Machine learning has been adopted by a broad range of emerging applications, including health monitoring, autonomous driving, advanced manufacturing, etc. However, any machine learning system cannot be 100% accurate due to the accuracy limitation posed by machine learning algorithms and the circuit-level non-ideal features associated with its hardware implementation. This project investigates a radically new framework for efficient validation of machine learning systems implemented with nano-scale integrated circuits. It aims to identify and synthesize the critical corner cases for which a machine learning system is likely to fail. The project is expected to initialize a paradigm shift in today's design methodology for complex machine learning systems, thereby leading to an immediate impact on a broad range of industrial sectors relying on machine intelligence. In addition, the proposed education activities create a large number of unique training opportunities for both academic and industrial participants, substantially improving the education infrastructure and generate high-quality researchers and practitioners for the society.

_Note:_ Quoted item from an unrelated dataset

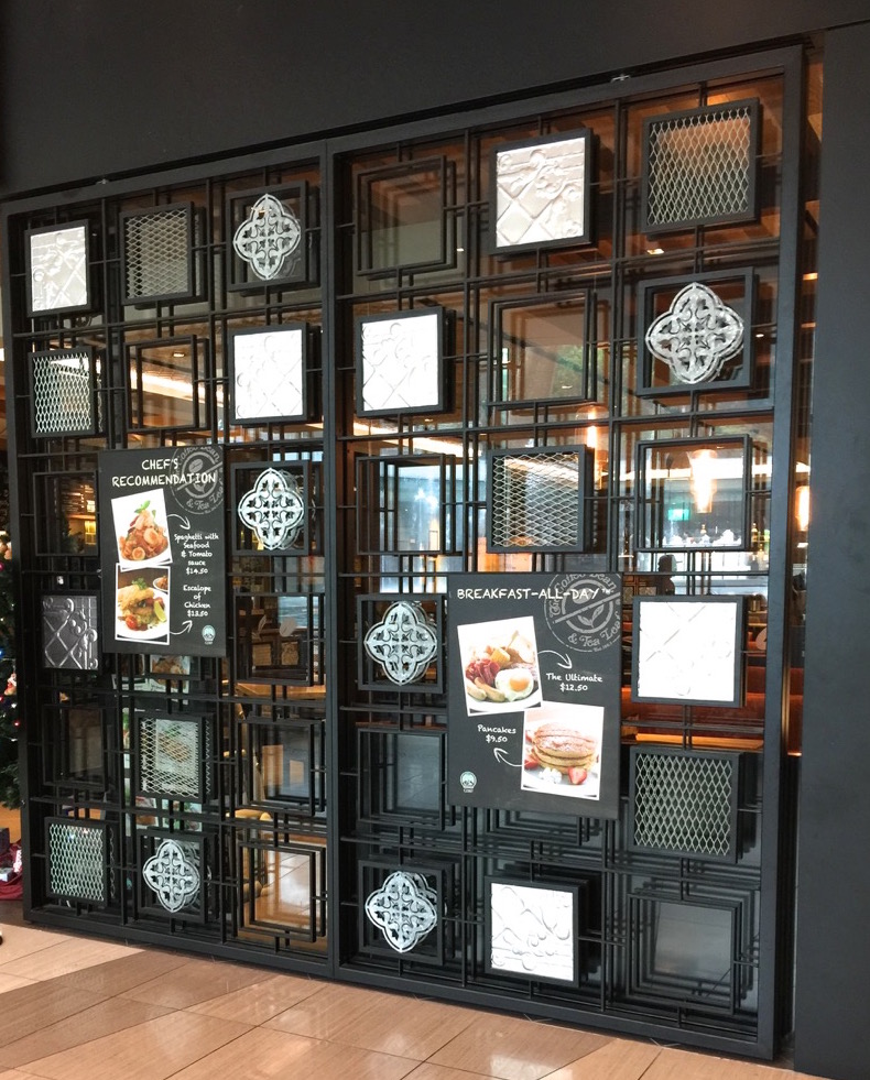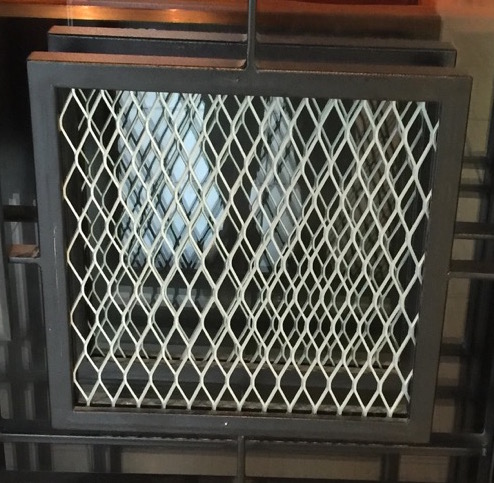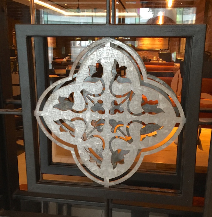 The Idea: A dynamic Multi-Section Iron Grill Divider that creates a little privacy without completely blocking view/light. The basic and unifying element is the square, and various aluminum/steel elements are used to fill that space.

To achieve the goals of accuracy, scalability and interpretability, the project poses an algebraic reformulation of the classical problem of kernel learning. Specifically, for any given kernel algebra, the positive kernels in that algebra and their associated feature maps may be represented by positive matrices – leading to a convex optimization problem whose solution yields an explicit feature map which may be interpreted in terms of measurable physical quantities. Based on this framework, activation functions are used to define kernel algebras which are universal, yet which are dense in the set of all kernels and whose feature maps mimic those of the neural tangent kernel which defines neural networks – leading to improved accuracy of the algorithms. Next, a saddle-point representation and primal-dual approach is used to convert the kernel learning problem to quadratic programming – resulting in more scalable kernel learning algorithms. Finally, a singular value decomposition of the resulting feature map is obtained by solving an associated partial differential equation. This decomposition is used to identify key features in the data and, furthermore, yields reduced algorithms which scale linearly with the number of samples – implying scalability to datasets with tens of thousands of samples.

**Project Duration:**

12/1/2023-11/30/2026

**Project Personnel:**

Matthew M. Peet (PI), Arizona State University

Alexandr Talitsky (PhD), Arizona State University